Since 1966, the NLRB has required employers to provide a union with a list of names and home addresses of employees eligible to vote in a union representation election.  This is called the Excelsior list. In February 2014, the NLRB re-proposed expanding the Excelsior list in the ambush elections proposed rule. The NLRB’s proposed expansion of the Excelsior language would require employers to include voter-eligible employees’ personal telephone numbers, e-mail addresses, work locations, shift times, and job classifications on the Excelsior list. The amendment would also block the NLRB from reversing current policy and forcing businesses to allow pro-union employees to use employer-owned email and other electronic systems to send out union organizing propaganda.   

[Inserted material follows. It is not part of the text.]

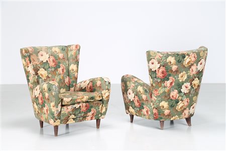 MANIFATTURA ITALIANA Coppia di poltrone in tessuto floreale e legno, anni 50....

Alexander cited examples of unions violating workers’ privacy. In one case, in 2010, agents of Communication Workers of America Local 1103 in Connecticut used personal information that they attained about one woman who did not support the union to sign her up for hundreds of unsolicited and unwanted magazines and consumer products.

“As I’ve said before, the National Labor Relations Board has become far too politicized under recent administrations,” Alexander said. “That didn’t start with the Obama administration, but it’s gotten worse with this administration as it has moved toward the side of union advocacy with such things as ambush elections and micro-unions and undermining state right-to-work laws.”

“The National Labor Relations Board should be an umpire rather than an advocate,” he said.

4.   An amendment to require the Obama Administration to be honest with the public about Obamacare by reporting basic facts on the federally-run insurance exchange for 36 states, such as the number of people signed up and making premium payments.

Alexander introduced similar legislation as a standalone bill last year and the House of Representatives passed that bill on January 16, 2014, by a bipartisan vote of 259 to 154. A total of 33 House Democrats voted to pass the legislation.

“It’s very simple and it shouldn’t be controversial or a ‘tough’ vote for any senator,” Alexander said. “It would simply require the Obama administration to provide weekly reports during open enrollment to Congress, states, and the public about the federally-run exchange for 36 states.”

“This is the Internet age—even before the Internet age, McDonald’s could tell you how many hamburgers it was selling every day, and RCA could tell you how many Elvis Presley albums it had left on the shelves.”